Fig. 2 is Signal Coverage Percentage comparative graph;
Fig. 3 is average position error and anchor node Figure of the quantitative relationship;
Fig. 4 is average position error and unknown node Figure of the quantitative relationship;
Fig. 5 is average position error and communication radius graph of a relation.
Embodiment
Below in conjunction with specific embodiment, further illustrate the present invention, should understand these embodiment is only not used in and limits the scope of the invention for the present invention is described, after having read the present invention, those skilled in the art all fall within the application's claims limited range to the modification of the various equivalent form of values of the present invention.
1. optimize Average hop distance
Unknown node can receive the corrected value from a plurality of anchor nodes, then to each corrected value, gives different weights, and weights size determines by two factors, and the one, anchor node corrected value mistake extent, another is the jumping figure between anchor node and unknown node.Finally each anchor node corrected value normalization weighting is processed, obtained Average hop distance.
2. preferred anchor node
Unknown node optimizes apart from oneself nearer a part of anchor node and participates in location Calculation, makes the jumping figure value between these anchor nodes and unknown node be less than the average number of hops between all anchor nodes and this unknown node.
3. optimum position coordinate figure
Using the coordinate figure of the unknown node calculating by the combination of different anchor nodes candidate's coordinate in network all, by weighted optimization, calculate optimum coordinate figure.Suppose that in network, having n unknown node, the anchor node optimizing is m, for arbitrary unknown node N u, u=1,2 ... n randomly draws three producible being combined as in anchor node kind, use trilateration to calculate node coordinate, be designated as E k, can be used as N ucandidate's elements of a fix.To each candidate's coordinate, between three anchor nodes that the weights size of giving adopts according to it and required unknown node, jumping figure sum decides, and jumping figure sum is less gives larger weights, for jumping figure sum larger give less weights.The elements of a fix that finally obtain are right result after individual candidate's elements of a fix value normalization weighting is processed.
By above three parts, DV-Hop algorithm is improved and obtains WSDV-Hop algorithm, when asking for Average hop distance, consider each anchor node corrected value error and jumping figure, by the Average hop distance to corrected value weighted optimization unknown node; According to the preferred anchor node of the jumping figure between unknown node and anchor node, participate in location Calculation; The elements of a fix value of finally combination of different anchor nodes being calculated to gained is weighted optimization, usings the elements of a fix value of normalization weighting as the final elements of a fix of unknown node.

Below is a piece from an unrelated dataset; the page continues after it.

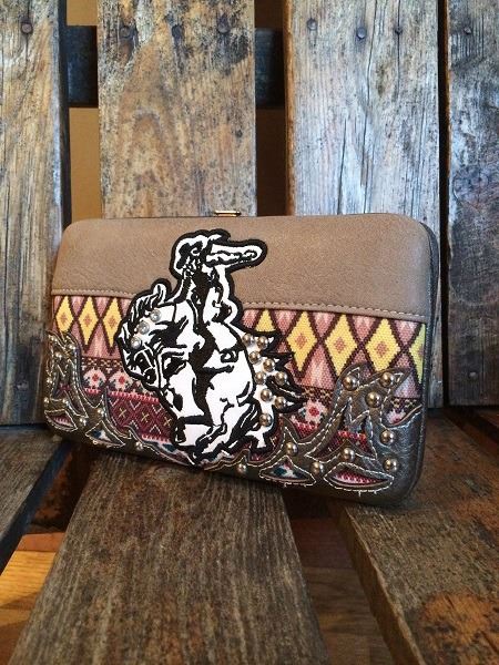 5"x8" BRONZE/BRONC DESIGN DESIGN CLASP CLOSURE WESTERN WALLET-INNER AND OUT ZIP COMPARTMENTS/CREDIT CARD SLOTS

The thought of corresponding WSDV-Hop algorithm, the key step of WSDV-Hop algorithm is also comprised of weighted optimization Average hop distance, preferred anchor node and optimum position coordinate figure three parts; Concrete steps based on optimizing the WSN localization method of Average hop distance and preferred anchor node are:
The first step: the Average hop distance that calculates unknown node according to anchor node corrected value error weighted optimization.
Supposing has M anchor node, n unknown node, unknown node N in network u(u=1,2 ..., n), by formula (1), can obtain anchor node A icorrected value C i.
Due to two anchor node A iand A jbetween actual range be:
Dreal i , j = ( x i - x j ) 2 + ( y i - y j ) 2 - - - ( 2 )
And anchor node A iand A jbetween the estimated distance that obtains according to corrected value be:
Dest i,j=C i×h ij (3)
Anchor node A so ithe error of corrected value is:
ϵ i = ( Σ j = 1 , j ≠ i M | Dreal i , j - Dest i , j | h ij ) / ( M - 1 ) - - - ( 4 )
Suppose unknown node N uwith anchor node A ibetween jumping figure be designated as hop u,i, can give anchor node A so ithe weights of corrected value are:
W i = 1 hop u , i × ϵ i Σ i = 1 M 1 hop u , i × ϵ i - - - ( 5 )
Like this design to the corrected value weighting of different anchor nodes be based on: when corrected value error less, or anchor node is less from unknown node jumping figure, the weights that this corrected value is given are so just larger, could fair, comprehensively reflect the Average hop distance based on the whole network anchor node corrected value like this.
Then according to each anchor node corrected value and corresponding weight value, just can weighted calculation go out unknown node N uaverage hop distance:
C u = Σ i = 1 M W i C i - - - ( 6 )
By normalization weighting, process, the weights of each anchor node are different, and the weights that anchor node less from unknown node jumping figure and that self-correcting value error is less is given are larger, and the weights sum that simultaneously makes each anchor node corrected value is 1.
Second step: preferred anchor node.
First obtain unknown node N uthe jumping figure mean value of all anchor nodes of distance:
hop u ‾ = Σ i = 1 M hop u , i M - - - ( 7 )
As certain anchor node A iwith unknown node N ujumping figure while being greater than average number of hops,
hop u , i > hop u ‾ - - - ( 8 )
Cast out this anchor node, all the other anchor nodes that are not rejected can participate in location Calculation, and the anchor node number after is preferably designated as m.
The 3rd step: optimum position coordinate figure.
Anchor node after supposing is preferably designated as A r(r=1,2 ..., m).Unknown node N uafter the first step is tried to achieve Average hop distance, according to formula (3) and distance A rjumping figure multiply each other, obtain and anchor node A rbetween estimated distance Dest u,r.Because the random combine of every three anchor nodes is total kind, utilize so these anchor node combinations, to estimated distance Dest u,remploying trilateration is calculated, and can obtain individual unknown node N uthe estimation elements of a fix, be designated as E k, wherein
Suppose for calculated candidate elements of a fix E kthree anchor nodes and the jumping figure of unknown node be respectively hop r, hop p, hop q, (r, p, q=1,2 ..., m), remember the jumping figure of these three anchor nodes and unknown node and for S k, S k=hop r+ hop p+ hop q, the weights of giving so candidate's elements of a fix Ek are:
W k = 1 S k Σ k = 1 C m 3 1 S k - - - ( 9 )
After being normalized weighting and processing, the weights of each candidate's elements of a fix are different, give in anchor node combination with unknown node jumping figure and less those candidate's coordinate figures with larger weights, guarantee that weights sum is 1 simultaneously.
Finally calculate the elements of a fix of unknown node.
The corresponding weight value obtaining according to each candidate's elements of a fix value and formula (9) just can calculate the elements of a fix of unknown node:
N u = Σ k = 1 C m 3 W k E k - - - ( 10 )
By the impact that makes its randomness that can reduce better network topology situation produce node locating the weighting correction of candidate's elements of a fix value, reduce position error.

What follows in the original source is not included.